Death threats are an obvious, bright-line exception to the rule; Faraci quotes an angry Captain America fan’s letter to Marvel’s executive editor vividly fantasizing about killing him “in the most painful way possible that I can think of.” But these are rarely lodged on behalf of changing the status quo. They seem to surface en masse only when it’s suggested than an icon of red-blooded patriotism might have been playing for the other team, or when a critic, especially a woman, lodges a negative opinion about a comic-book movie or a video game—in other words, when there’s a challenge to the idea that culture should be created for, and judged by, exclusively white men. For fanboys who feel their only-recently-secured hold on the cultural conversation slipping, a death threat is the biggest bullhorn they can grab, a way of making damn sure people pay attention and letting perceived interlopers know they’re not welcome into the bargain.

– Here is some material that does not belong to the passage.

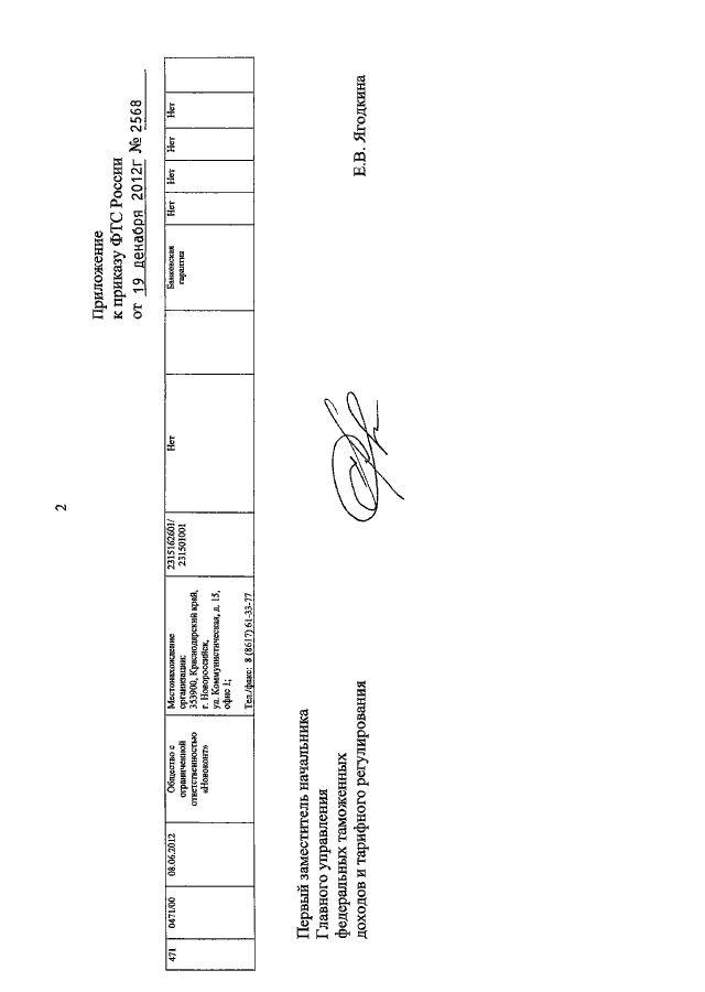 ПРИКАЗ ФТС РФ от 19.12.2012 N 2568

So it’s misleading to paint fans as entitled customers who are demanding that art cater to their whims. What studios are actually dealing with is audiences who no longer think of themselves just as consumers but as shareholders with a fiduciary right to have their opinions taken into account. And the cultural shareholder model doesn’t recognize seniority. A share is a share is a share, and no amount of bluster or foot-stomping can change that. The people who make comic-book movies and their genre ilk aren’t painting Picassos, let alone Van Goghs; no one at Warner Bros. is consoled by the idea that in 50 years Batman v Superman will be hailed as a misunderstood masterpiece. They’re making consumer products that sometimes happen to be art, and it’s in the best interests of all concerned to judge them as such. That doesn’t mean fans should always get what they want: As Joss Whedon put it, sometimes it’s more important to give them what they need. But the days when audiences’ ability to make their desires known began and ended with their wallets are long gone, and if the process of making art is more fraught because of the endless torrent of feedback, in some cases, the end product is better for it.